■ Your instructions
A word-for-word copy of the entries, with images excluded, is the expected answer.

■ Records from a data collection
===============
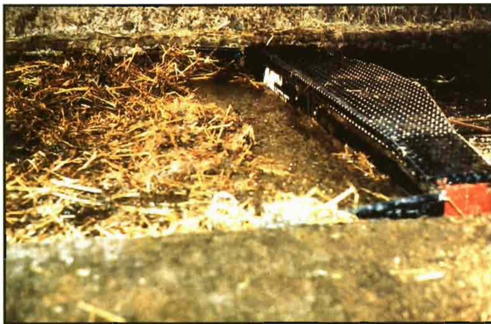
Existe un buen número de sistemas de limpieza de los corrales.

Los desagües de aguas pluviales. Aún hoy nos encontramos con muchas granjas que tienen conectado todo el sistema de
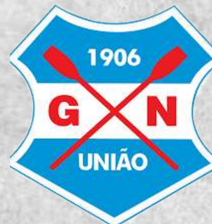
GN União (Porto Alegre - RS)
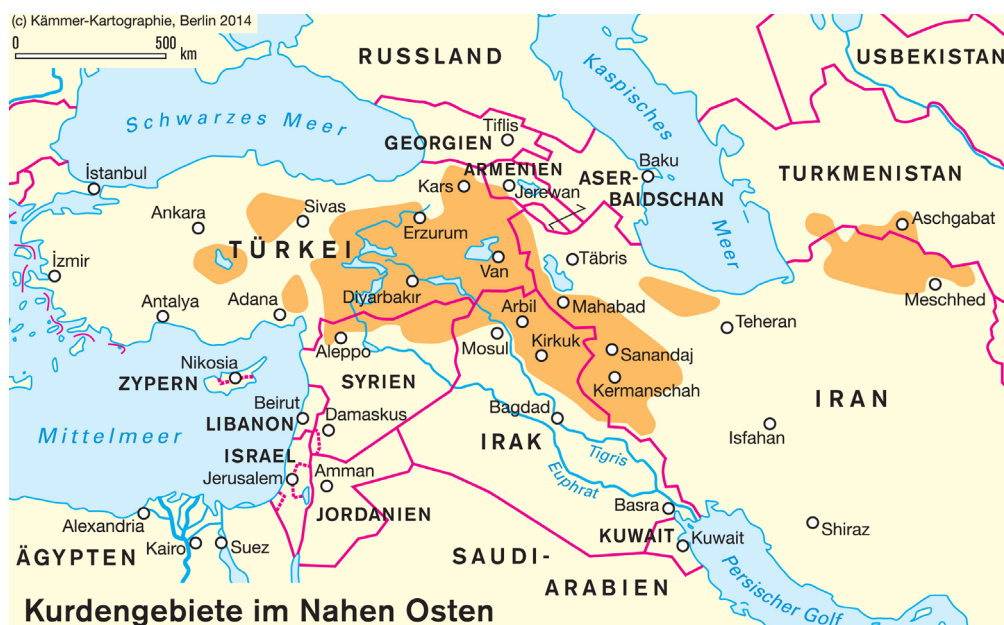
Peut être téléchargée en PDF sur www.bpb.de/internationales/europa/tuerkei/185907/der-kurdenkonflikt (Consulté le 15.10.2021).

Les Kurdes réclament aujourd'hui des territoires autonomes pour les minorités dans les différents États. Chaque province a ses propres partis et milices. En Irak, depuis la chute de Saddam Hussein, il existe un « Kurdistan irakien », un presque État. Il est dirigé par deux partis kurdes majeurs, et il a un gouvernement régional et un parlement.
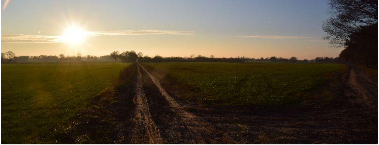
De Schepersdam aan het einde van een zonnige winterdag.
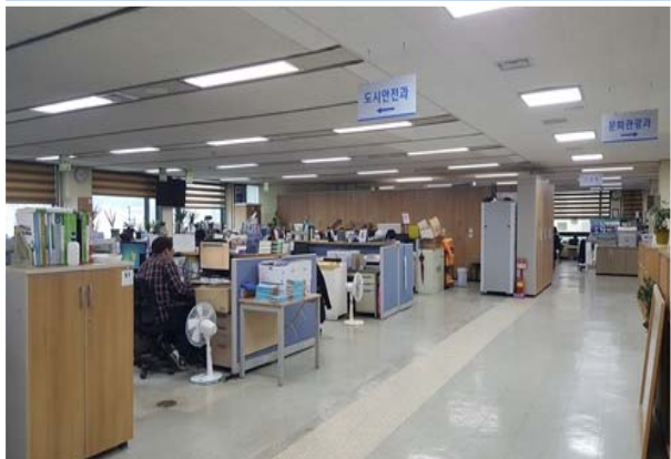
6층 개방형 사무실 조성 (후)
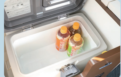
デスクの下に温冷蔵庫 (14L) を搭載
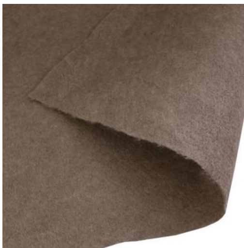
Рис.1. Нетканное геополотно «Текспол»

Тканый аналог встречается реже (на основе полиэфирного волокна - более совершенный вариант) и мало чем от него (по основным характеристикам, специфике применения) отличается, кроме технологии изготовления (переплетение нитей). Основные функции материала - дренаж (фильтрация) + армирование (усиление). В продажу "Дорнит" поступает в рулонах, как правило, длиной от 50 до 150, шириной 1,5-5,3 (м). Основное предназначение (как и любого полимерного и проницаемого для жидкости полотна) - создание разделительного барьера между разнородными средами и материалами.
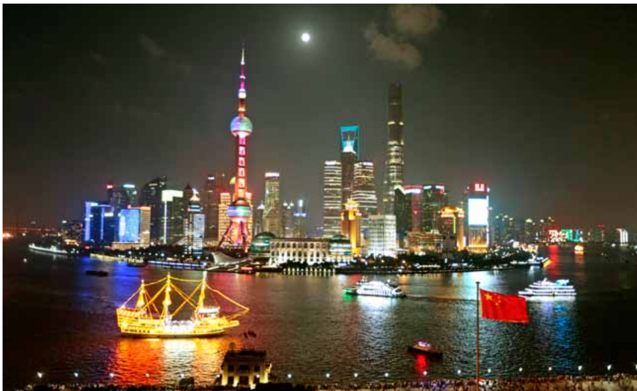
《夜上海》 集团办公厅 郝成涛
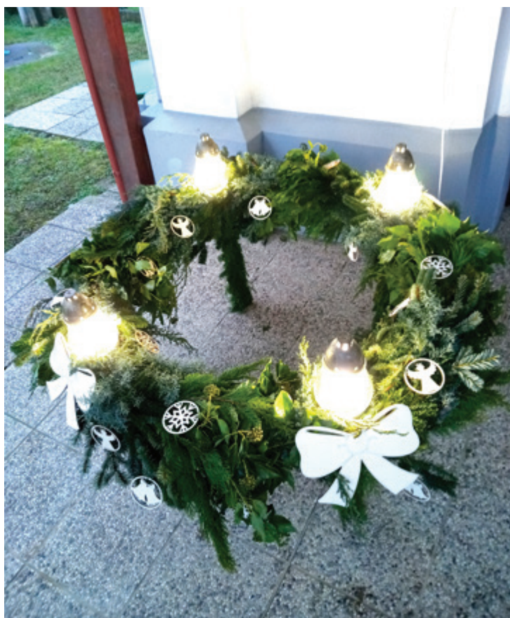
Adventni venček pri kapeli Melinci, oblikovali člani KUD Melinci.
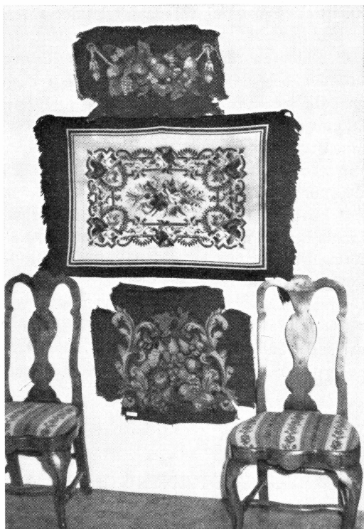
Bild 3. Herrgårdskulturen var representerad av bl. a. stolar i engelsk rococo, gobelängklädslar till möbler från 1600-talet samt en korsstygnsmatta från 1840-talet.
===============
■ Written answer
Existe un buen número de sistemas de limpieza de los corrales.

Los desagües de aguas pluviales. Aún hoy nos encontramos con muchas granjas que tienen conectado todo el sistema de
GN União (Porto Alegre - RS)
Peut être téléchargée en PDF sur www.bpb.de/internationales/europa/tuerkei/185907/der-kurdenkonflikt (Consulté le 15.10.2021).

Les Kurdes réclament aujourd'hui des territoires autonomes pour les minorités dans les différents États. Chaque province a ses propres partis et milices. En Irak, depuis la chute de Saddam Hussein, il existe un « Kurdistan irakien », un presque État. Il est dirigé par deux partis kurdes majeurs, et il a un gouvernement régional et un parlement.
De Schepersdam aan het einde van een zonnige winterdag.
6층 개방형 사무실 조성 (후)
デスクの下に温冷蔵庫 (14L) を搭載
Рис.1. Нетканное геополотно «Текспол»

Тканый аналог встречается реже (на основе полиэфирного волокна - более совершенный вариант) и мало чем от него (по основным характеристикам, специфике применения) отличается, кроме технологии изготовления (переплетение нитей). Основные функции материала - дренаж (фильтрация) + армирование (усиление). В продажу "Дорнит" поступает в рулонах, как правило, длиной от 50 до 150, шириной 1,5-5,3 (м). Основное предназначение (как и любого полимерного и проницаемого для жидкости полотна) - создание разделительного барьера между разнородными средами и материалами.
《夜上海》 集团办公厅 郝成涛
Adventni venček pri kapeli Melinci, oblikovali člani KUD Melinci.
Bild 3. Herrgårdskulturen var representerad av bl. a. stolar i engelsk rococo, gobelängklädslar till möbler från 1600-talet samt en korsstygnsmatta från 1840-talet.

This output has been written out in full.